Facility Safety – What can you do?

1/8/2020

Welcome to Folding Guard’s Monthly SPOTLIGHT ON SAFETY!
We’re kicking off this series with an all-important question:

HOW CAN I KEEP MY FACILITY SAFE?

This is the most important question any supervisor or facility employee can ask themselves. Just by asking it, you’ve already shown initiative and taken a great step toward accomplishing your goal.

Broadly speaking, safety can be accomplished by remembering these three key words: awareness, communication, and action.

AWARENESS

In any situation, but especially in a factory or facility setting where hazardous situations can occur at any moment, everyone should be aware of their surroundings at all times. This is a policy that should start from the top down. Supervisors can and should do walk-throughs of their facilities on a weekly basis, if not more frequently, to be aware of any changes or problems throughout the facility. Equipment could be faulty, structures could become rusty or worn, even signage around dangerous chemicals could be outdated or hard to read. Simply by doing regular walk-throughs and being aware of the state of your facility, you will be able to spot any potential hazards and stop them before they become a problem.
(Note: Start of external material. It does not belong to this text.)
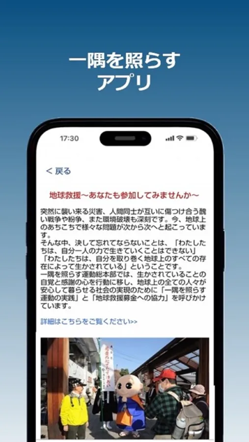「一隅を照らす運動」は、「一隅を照らす、これすなわち国宝なり」という伝教大師最澄 さまのご精神を現代に生かし、信仰と実践によって一人ひとりが心豊かな人間になり、 平和で明るい世の中を共に築いていこうという社会啓発運動です。

On the floor, employees need to be constantly aware of their surroundings. They are working around moving vehicles, robotics, power tools, and other hazardous materials all day, and safety needs to be everyone’s number one priority. PPE, or Personal Protective Equipment, such as helmets, protective eyewear, gloves, and steel-toed boots are of course the first physical line of defense against workplace hazards, but awareness needs to be the first mental line of defense. Awareness can prevent immediate danger, but it can also prevent small irritations from becoming longer term problems, which leads us to our next step toward safety:

COMMUNICATION

Communication is catalyst that turns awareness into action. When an employee becomes aware of a problem, they need to feel comfortable communicating it to a supervisor. This can be achieved in a number of ways. First of all, make sure you are catering to all languages spoken in your facility. Even if everyone knows enough English to get by, safety concerns should be communicated in the language that an employee feels the most comfortable speaking, so that nothing gets mistranslated or miscommunicated. Make sure there are multilingual supervisors in all chains of command, or at least someone who feels comfortable translating in those situations. Next, make sure that there are multiple channels of communication for non-emergency concerns. Some people might not feel comfortable expressing concerns or offering suggestions for fear of calling out negligence or speaking up if they’re normally soft-spoken. In these cases, we recommend having a Safety Suggestion Box. This box is a great way to encourage employees of all levels to offer suggestions and express (non-urgent) concerns in any language, knowing that they will be read and addressed in a timely manner. Which leads us to our next key word:

ACTION

Action is the most decisive step you can take to ensure the safety of your facility. Whether it’s immediately addressing the urgent concern of a floor worker or following up on a problem you found during a weekly safety audit, action must be taken to keep your employees and your facility safe at all times. Safety is a daily, ongoing project that is everyone’s responsibility. Watch this blog for a monthly Spotlight on Safety, where we’ll take a more detailed dive into things like GEMBA Walks, Safety Audits, PPE, and more! But for now, remember to be AWARE, to COMMUNICATE, and to take ACTION to maintain a safe workplace at all times!